- Brief -
All pictures are to be omitted while the lines starting at the line with "A rainha assistiu" and ending at the line with "Khanh Trinh氏が設計し、15年間のCalisthenics &" in the material below are retyped exactly, both ends included.

- Available data -
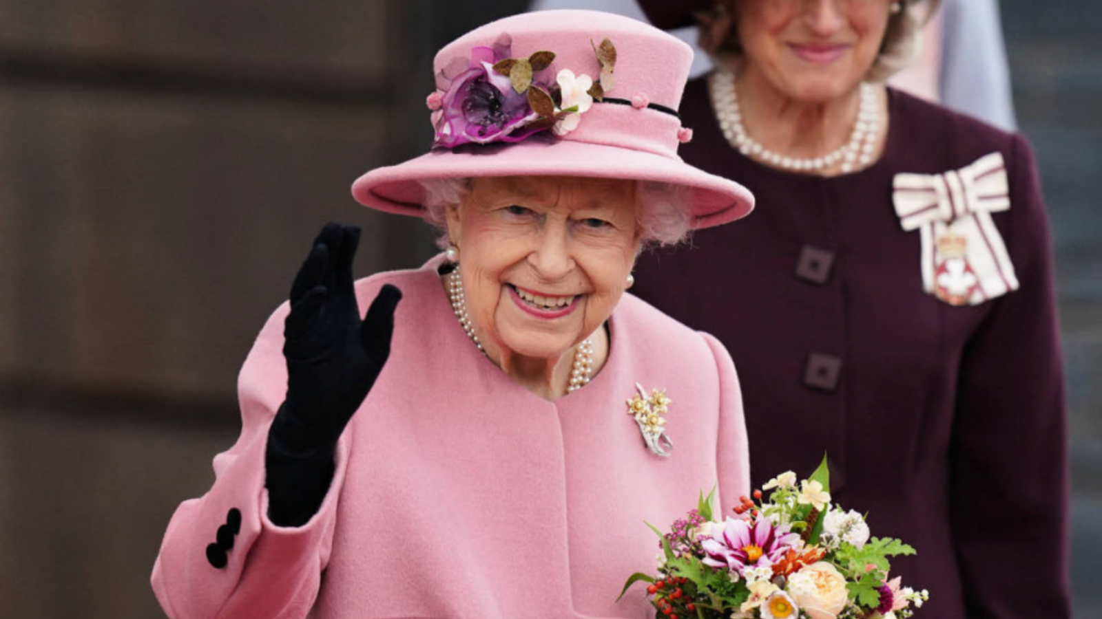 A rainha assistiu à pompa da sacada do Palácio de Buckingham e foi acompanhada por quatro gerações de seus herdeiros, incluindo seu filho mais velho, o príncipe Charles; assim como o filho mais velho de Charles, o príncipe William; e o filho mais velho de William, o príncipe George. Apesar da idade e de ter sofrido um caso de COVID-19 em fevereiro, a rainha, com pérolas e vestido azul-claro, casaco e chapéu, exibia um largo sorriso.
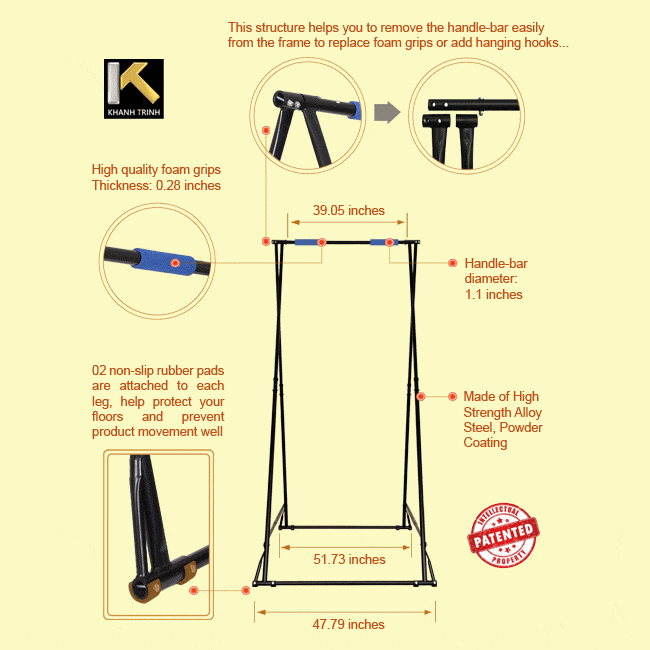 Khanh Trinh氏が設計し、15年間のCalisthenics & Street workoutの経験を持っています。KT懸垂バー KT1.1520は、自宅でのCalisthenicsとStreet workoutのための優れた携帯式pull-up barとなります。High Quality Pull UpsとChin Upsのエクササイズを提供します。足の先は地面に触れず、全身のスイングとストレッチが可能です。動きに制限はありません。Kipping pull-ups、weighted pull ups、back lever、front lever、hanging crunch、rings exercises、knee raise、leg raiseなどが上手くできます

==

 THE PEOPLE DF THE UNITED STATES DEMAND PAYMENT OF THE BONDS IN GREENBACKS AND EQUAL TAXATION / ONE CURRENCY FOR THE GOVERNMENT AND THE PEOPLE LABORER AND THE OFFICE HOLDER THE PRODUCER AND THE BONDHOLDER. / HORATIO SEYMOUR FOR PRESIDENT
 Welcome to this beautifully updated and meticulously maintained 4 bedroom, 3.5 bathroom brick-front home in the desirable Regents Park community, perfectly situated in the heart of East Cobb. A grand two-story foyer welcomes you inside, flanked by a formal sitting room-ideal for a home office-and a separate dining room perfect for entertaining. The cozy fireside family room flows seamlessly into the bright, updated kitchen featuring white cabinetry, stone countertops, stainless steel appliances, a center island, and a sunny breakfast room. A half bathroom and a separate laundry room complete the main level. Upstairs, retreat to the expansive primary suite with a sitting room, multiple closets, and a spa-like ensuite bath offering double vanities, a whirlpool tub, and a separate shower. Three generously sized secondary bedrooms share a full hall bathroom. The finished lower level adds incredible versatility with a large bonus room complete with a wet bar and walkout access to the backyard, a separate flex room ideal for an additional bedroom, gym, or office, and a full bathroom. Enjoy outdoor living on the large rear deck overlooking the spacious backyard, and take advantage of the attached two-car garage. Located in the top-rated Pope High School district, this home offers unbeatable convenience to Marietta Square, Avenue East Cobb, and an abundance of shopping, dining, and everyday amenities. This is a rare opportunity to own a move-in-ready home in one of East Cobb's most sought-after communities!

- Task answer -
 A rainha assistiu à pompa da sacada do Palácio de Buckingham e foi acompanhada por quatro gerações de seus herdeiros, incluindo seu filho mais velho, o príncipe Charles; assim como o filho mais velho de Charles, o príncipe William; e o filho mais velho de William, o príncipe George. Apesar da idade e de ter sofrido um caso de COVID-19 em fevereiro, a rainha, com pérolas e vestido azul-claro, casaco e chapéu, exibia um largo sorriso.
 Khanh Trinh氏が設計し、15年間のCalisthenics & Street workoutの経験を持っています。KT懸垂バー KT1.1520は、自宅でのCalisthenicsとStreet workoutのための優れた携帯式pull-up barとなります。High Quality Pull UpsとChin Upsのエクササイズを提供します。足の先は地面に触れず、全身のスイングとストレッチが可能です。動きに制限はありません。Kipping pull-ups、weighted pull ups、back lever、front lever、hanging crunch、rings exercises、knee raise、leg raiseなどが上手くできます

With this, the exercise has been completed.